What I Like… And What Frustrates Me… About Twitter

It seems to me that people either love Twitter or can’t stand it. I am definitely in the former category, for several reasons:

  • It’s direct. You follow someone? You see their tweets. You don’t follow someone? You live in blissful ignorance.  My feed is full of creative, positive people and exactly zero politicians. It’s a great way to filter reality. 

    Everyone who follows me can see my posts in real time, without any interference from the platform itself. Twitter sends every tweet into the world without trying to make a buck out of me to do it. That in itself is a refreshing change among social media platforms. 
  • Retweets are brilliant for extending your reach easily and painlessly.. With one click, someone else can share your post with all their followers, too. Not only does this take your content further, it can also result in new followers and interactions.
  • It’s brief.  Say what you want to say in 280 characters, preferably less. And that includes your hashtags. 
  • Hashtagging is easy.  Start typing a hashtag, and Twitter will actually suggest the most popular tags for you that start with those letters. It doesn’t get easier than that. 
  • Connecting with others who have the same interests is easy. Once again, hashtags ply a key role here. Searching for a tag you are interested in is a simple way to find people using that tag in their posts. I have found great people, interesting content, and some excellent books doing exactly that. 
  • I also like just scrolling through my feed and seeing what pops up. There is invariably something I want to respond to with a like or a bookish or bloggish post that I want to check out. I can spend as much or as little time as I have, put it down, and come back later. In that sense, it’s pretty cruisy. 
  • Lists. You can create lists of accounts you want to group together. I have lists for authors in different genres. I also have a list for my favourite accounts called “Don’t Miss a Tweet”.

    By going to a particular list in my profile, I can see only the tweets from the accounts in that list.
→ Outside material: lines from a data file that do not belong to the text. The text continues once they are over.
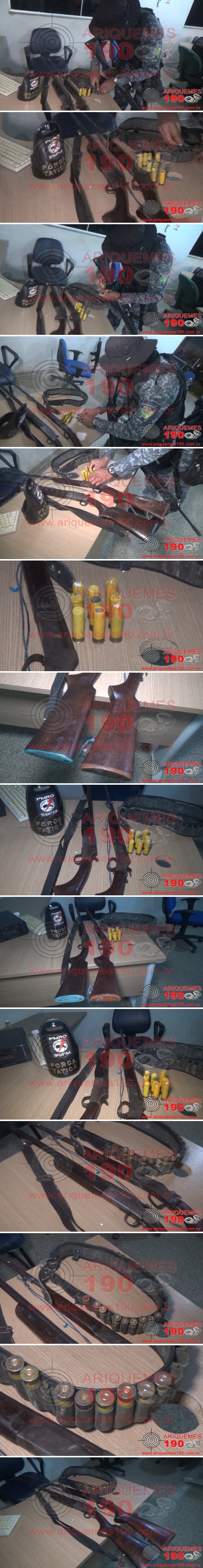 O fato foi registrado por volta das 20h58m, desta quinta-feira, 10/12, quando as guarnições da Polícia Militar denominada Força Tática, comandadas pelos policiais: 3º Sgt. Lemos, SD B. Almeida e SD Nilton, em apoio ao ICMBIO na Reintegração de Posse Na Floresta Nacional do Bom Futuro, realizaram patrulhamento juntamente com o Oficial de Justiça Federal Sr. Antônio Rui Moraes Viana pela Rodovia Floresta Nacional Bom Futuro, Zona Rural de Alto Paraíso/RO, pois o Oficial de Justiça recebeu informações de moradores daquela região, que alguns invasores poderiam estar dentro da Reserva Ambiental em um acampamento improvisado próximo a área de preservação. De posse dessas informações os policiais e o Oficial se deslocaram até o local, onde ao chegarem, localizaram duas barracas feitas de lona dentro da área de uma fazenda, o qual o proprietário não se encontrava no local. Ao se aproximarem da porteira, dois homens foram até a direção dos PMs e do Oficial, momento o qual indagaram os motivos de estarem acampados naquela fazenda e naquelas condições, estes informaram que estavam morando à aproximadamente quatro meses em uma área de invasão ali próximo e que ouviram boatos que esta área seria uma Reserva Ambiental, e por esse motivo teriam saindo do local e se instalado a cinco meses naquela fazenda, momento em que foi visualizado que ambos aparentavam estarem muito nervosos. Diante das suspeitas, os policiais perguntaram se algum deles teria alguma arma de fogo naquele local, foi quando um dos indivíduos assumiu ser proprietário de uma arma de fogo tipo espingarda cal .20 com 09 nove cartuchos intactos e um cinto coldre e este ainda informou que a arma estava desmontada e escondida dentro do mato. Foi realizado deslocamento até o local, onde o referido armamento estava enrolado em pedaço de pano. Já o outro suspeito disse que não possuía nenhuma arma de fogo, porém relatou que sabia onde estava escondida outra arma, onde foi localizada, sendo outra espingarda, que aparentava ser cal .36, e que segundo o mesmo, um rapaz desconhecido teria deixado o armamento escondido naquele local. Mediante aos fatos, constatações e confissão, os indivíduos, juntamente com as armas apreendidas foram apresentados à Unidade de Segurança Pública (UNISP) de Ariquemes/RO, onde o Boletim de Ocorrência Policial (BOP) nº 191527/2020 foi registrado, para tomadas de providências que a autoridade policial plantonista julgar pertinente.
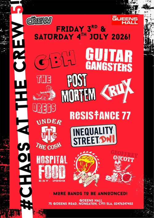 Currently showing 2026 gigs Friday 3rd July 2026 Chaos as the crew Queens Hall, 75 Queens Road, Nuneaton, CV11 5LA Friday 6th February 2026 CLOCKWORK, Brittany France |
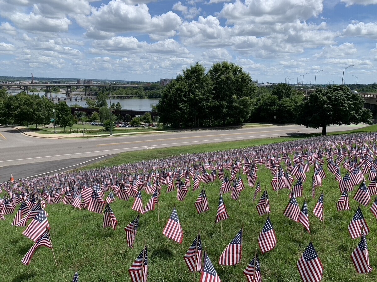 Friday, July 16, at eight o’clock in the morning, volunteers are needed to help remove the 12,000 flags from the Hill of Heroes, that were installed to remember the names on the shrine. Individuals and groups are welcome. Those wish to help should meet in the Memorial’s Shrine of Memory for instructions. Free parking is available at the Memorial which is located at 621 South Belvidere Street, just north of the Lee Bridge.
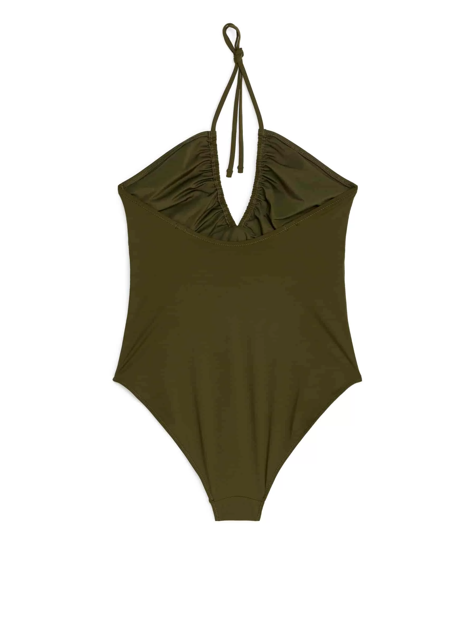 ARKE Mujer Bañador con cuello halter verde oscuro

It is a great way to cut through the voluminous white noise of the Twittersphere, and saves heaps of time when I am busy, because I see exactly what I want to and nothing else.

    Lists can be made public or kept private. While I keep my “Don’t Miss a Tweet” list to myself, I make my genre lists public so that if someone is looking for Fantasy Authors or Poets, they can find a ready-made collection in no time flat. I may not have every author of a particular genre in my list, but you may be sure that the ones on my lists are worth checking out.   

That all sounds pretty great, doesn’t it?

However, no social media platform is without its pitfalls. 

My dislikes include, in no particular order:

  • Trolls and fake accounts.  It’s easy for people to hide behind a social media account with a fake name and create mayhem. Whether it’s bullying or bullshit they are into, there’s not really a lot to stop them. 

    I overcome this by being very choosy about who I follow, and by making extensive use of the “unfollow” and “block” functions the minute my spidey senses start tingling. 
  • Direct messages.  Some people appreciate direct messages, but I am not one of them. It seems to me they are all either spamming a product or creepers trying to seduce me into giving them money or naughty photographs. 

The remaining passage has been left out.